**Exercise prompt:**
The answer is the exact run of lines in the listing below from the line containing "by this hack" up to and including the line containing "この日、大分帰りのわたしは金", with pictures removed.

**Supplied data:**
════════════════════

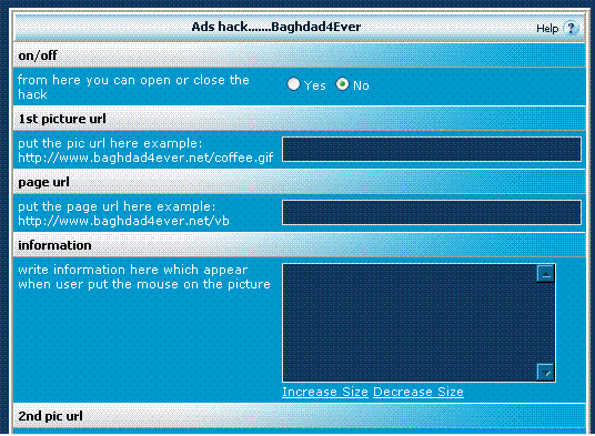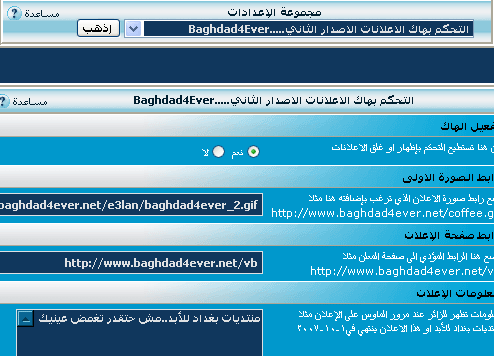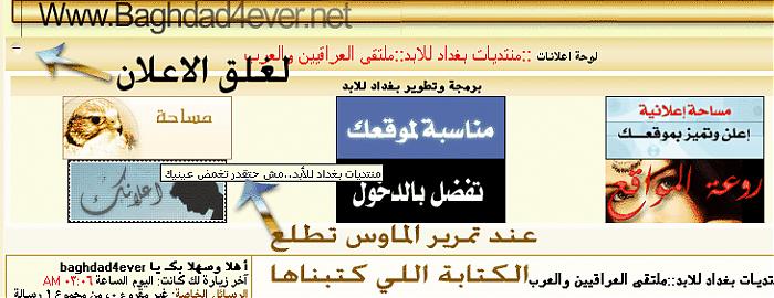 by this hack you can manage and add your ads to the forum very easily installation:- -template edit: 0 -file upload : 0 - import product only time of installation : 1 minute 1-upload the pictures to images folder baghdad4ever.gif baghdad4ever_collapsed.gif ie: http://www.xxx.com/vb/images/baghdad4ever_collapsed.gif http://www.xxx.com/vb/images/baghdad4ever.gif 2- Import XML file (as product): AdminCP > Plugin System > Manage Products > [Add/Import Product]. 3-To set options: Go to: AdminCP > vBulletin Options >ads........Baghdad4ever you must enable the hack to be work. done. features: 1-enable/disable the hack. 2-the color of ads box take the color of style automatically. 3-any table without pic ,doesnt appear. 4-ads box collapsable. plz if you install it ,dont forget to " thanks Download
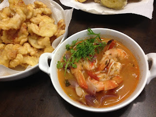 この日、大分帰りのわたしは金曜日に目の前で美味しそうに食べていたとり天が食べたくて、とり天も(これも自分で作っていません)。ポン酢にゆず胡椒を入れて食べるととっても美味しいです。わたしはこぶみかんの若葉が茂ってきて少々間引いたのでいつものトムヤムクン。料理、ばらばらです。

════════════════════

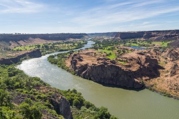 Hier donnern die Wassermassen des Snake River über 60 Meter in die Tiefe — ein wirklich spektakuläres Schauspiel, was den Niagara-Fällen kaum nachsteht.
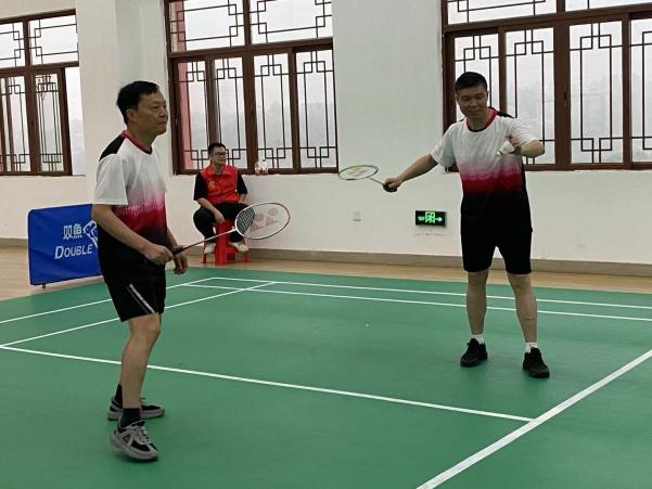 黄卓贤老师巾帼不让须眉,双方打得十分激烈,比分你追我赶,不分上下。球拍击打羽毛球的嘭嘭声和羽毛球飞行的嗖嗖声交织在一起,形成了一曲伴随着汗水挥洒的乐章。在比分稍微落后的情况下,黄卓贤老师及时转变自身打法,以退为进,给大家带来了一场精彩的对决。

════════════════════

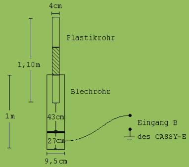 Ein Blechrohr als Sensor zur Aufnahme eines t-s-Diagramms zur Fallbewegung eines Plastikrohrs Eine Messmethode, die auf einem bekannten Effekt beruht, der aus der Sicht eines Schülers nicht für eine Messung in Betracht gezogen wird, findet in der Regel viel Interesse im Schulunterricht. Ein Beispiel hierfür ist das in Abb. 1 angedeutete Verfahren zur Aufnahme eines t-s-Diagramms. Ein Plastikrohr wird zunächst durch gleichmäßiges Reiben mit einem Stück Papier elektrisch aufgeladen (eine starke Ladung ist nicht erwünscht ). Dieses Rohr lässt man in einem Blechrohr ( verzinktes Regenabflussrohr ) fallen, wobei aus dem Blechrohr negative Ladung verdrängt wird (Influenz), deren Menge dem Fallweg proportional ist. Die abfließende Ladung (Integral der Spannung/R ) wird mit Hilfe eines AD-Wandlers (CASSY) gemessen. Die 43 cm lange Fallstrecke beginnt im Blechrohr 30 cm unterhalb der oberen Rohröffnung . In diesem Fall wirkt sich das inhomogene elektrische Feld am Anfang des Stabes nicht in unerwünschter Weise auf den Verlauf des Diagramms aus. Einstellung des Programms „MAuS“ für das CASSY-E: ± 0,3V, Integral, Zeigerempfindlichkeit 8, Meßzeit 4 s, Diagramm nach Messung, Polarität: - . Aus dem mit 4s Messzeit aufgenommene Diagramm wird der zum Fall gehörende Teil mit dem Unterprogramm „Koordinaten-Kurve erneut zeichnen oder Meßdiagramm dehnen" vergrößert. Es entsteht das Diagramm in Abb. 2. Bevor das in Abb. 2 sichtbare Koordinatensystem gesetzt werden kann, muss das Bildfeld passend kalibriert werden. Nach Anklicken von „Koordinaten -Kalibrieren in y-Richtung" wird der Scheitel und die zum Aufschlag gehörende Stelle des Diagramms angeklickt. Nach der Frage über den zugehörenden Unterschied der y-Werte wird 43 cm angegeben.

════════════════════

**Written response:**
 by this hack you can manage and add your ads to the forum very easily installation:- -template edit: 0 -file upload : 0 - import product only time of installation : 1 minute 1-upload the pictures to images folder baghdad4ever.gif baghdad4ever_collapsed.gif ie: http://www.xxx.com/vb/images/baghdad4ever_collapsed.gif http://www.xxx.com/vb/images/baghdad4ever.gif 2- Import XML file (as product): AdminCP > Plugin System > Manage Products > [Add/Import Product]. 3-To set options: Go to: AdminCP > vBulletin Options >ads........Baghdad4ever you must enable the hack to be work. done. features: 1-enable/disable the hack. 2-the color of ads box take the color of style automatically. 3-any table without pic ,doesnt appear. 4-ads box collapsable. plz if you install it ,dont forget to " thanks Download
 この日、大分帰りのわたしは金曜日に目の前で美味しそうに食べていたとり天が食べたくて、とり天も(これも自分で作っていません)。ポン酢にゆず胡椒を入れて食べるととっても美味しいです。わたしはこぶみかんの若葉が茂ってきて少々間引いたのでいつものトムヤムクン。料理、ばらばらです。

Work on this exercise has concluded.